Distributing services means that one machine can be optimised to serve
files, another can be optimised for web access, and another can be
optimised for interactive user access.

Serving web pages from an AFS filesystem is not unheard of.
mdw
response 85 of 181: Mark Unseen   Oct 19 08:59 UTC 2001

Lots of things to distribute: conferencing, mail, web pages,
authentication, file space, multiple login machines, ...

The OpenBSD folks are said to have a strong interest in sun hardware,
and are rumoured to be diligently at work on a sun ultra port.  That
means we could very likely be considering an ultra-5 or ultra-170 as a
possible hardware platform in the not too distant future.

So far as security goes, I have to strongly disagree with Jan and agree
with STeve.  Whatever sytsem we put up, there *will* be vandals trying
to break in *Every* day.  A lot of those vandals will be very stupid,
but some will not as stupid, and there is, somewhere far from our view,
some Very clever vandals who are going to be much more up to date on the
latest vulnerabilities than we can ever hope to be.

The cost of failure for us is also high.  A successful vandal attack is
likely to be a *major* nuisance to us.  A vandal attack could mean: user
private mail and files are stolen, every user has to change their
password, some users may find their accounts elsewhere are stolen, a
possible visit from the FBI or secret service, substantial staff time to
figure out how the vandals broke in and to fix the hole, substantial
down-time, user files may be lost and have to be restored from the last
backup, one or more user accounts may be stolen by malicious users, a
huge drop in user population and donations especially if downtime is
excessive, multiple outages if staff can't figure out how the vandal
broke in, or guess wrong, possible court time, legal expenses, &etc&etc.
We've been *VERY* lucky not to have faced any of these on grex in a long
time.  Many other systems have not faired nearly so well; m-net is a
good local example of this; the Well out in California had a famous
break-in, and arbornet had a crucial incident very early in its history.

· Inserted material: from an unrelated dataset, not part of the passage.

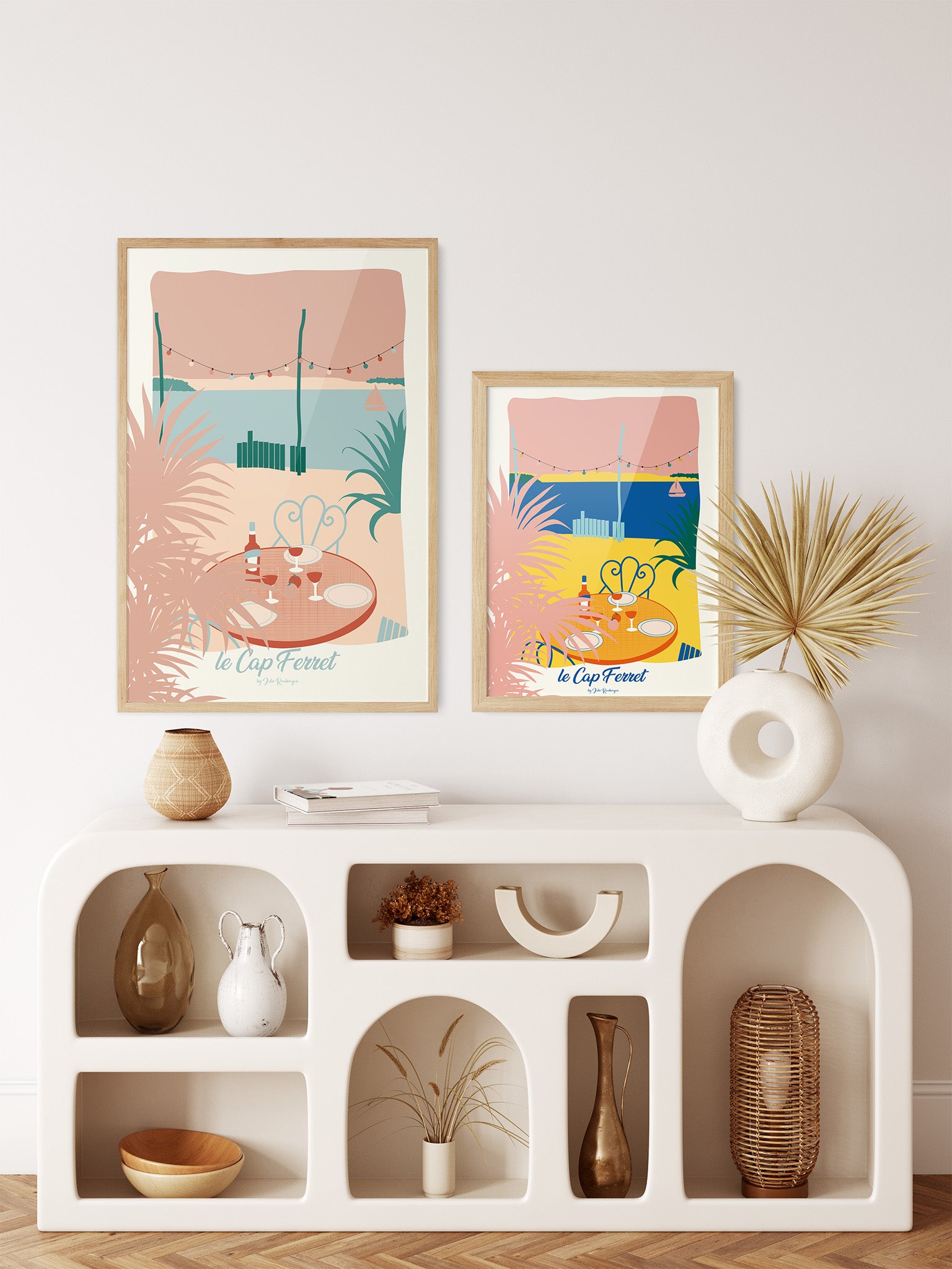 Toutes nos illustrations murales du Bassin d’Arcachon sont imaginées et imprimées à Bordeaux, sur papier haut de gamme. Elles se déclinent en deux formats (30x40 cm et 50x70 cm), parfaits pour composer un mur de cadres ou offrir un souvenir poétique de vacances.

Vandals usually like to attack the most popular hardware and software
technologies.  Unfortunately for us, those are also the ones that tend
to be "best" supported.  Fortunately for us, there is some difference
between quality and popularity.  If you think reliability is important,
then you ought to be *very* concerned about vandals, because the
simplest way to look at vandals is they're just another source of
instability.  Another way to look at security is that it is a min-max
problem: how to make the system as security as possible, while
compromising utility as little as possible.  If we were only concerned
about popularity, we'd obviously want to run under Windows NT or even
Windows 98 -- I don't think anyone here is willing to argue that should
be our future server architecture.

Regarding hardware cache contexts and all that -- this is one of those
messy hardware issues where it's all *too* easy to get bound up in the
details.  It is also an area where different systems can be *radically*
different, and yet not be visible to software.  A simple example:
openbsd runs on both Macintosh IIci's and Sun-3/160's.  The IIci uses
the built-in MMU of the 68030.  This provides for a minimal number of
CPU visible registers, stores most of the actual MMU map information out
in memory, and works in short very much like the DAT box of an IBM
360/67.  This is cheap in hardware terms and has only a modest effect on
straight-line performance.  It also degrades in a fairly
straight-forward fashion when doing lots of context switches.  The
SUN-3/160 uses the 68020, which has no built-in MMU, and a special
external sun MMU design which has *lots* of CPU visible registers.  It
is capable of mapping not only CPU references, but doing scatter-gather
I/O as well, which helps DMA performance.  The hardware contexts store
everything directly, so nothing lives in memory during actual use.  This
makes them *very* fast to use.  There are also multiple "contexts", so
the data for multiple address spaces can be resident in the MMU at the
same time.  This makes context switching (including interrupts, system
calls, and switching between users) relatively cheap.  There is a cost
for this however -- if you *exceed* the # of hardware contexts, the
system has to reload a whole bunch of MMU registers all at once.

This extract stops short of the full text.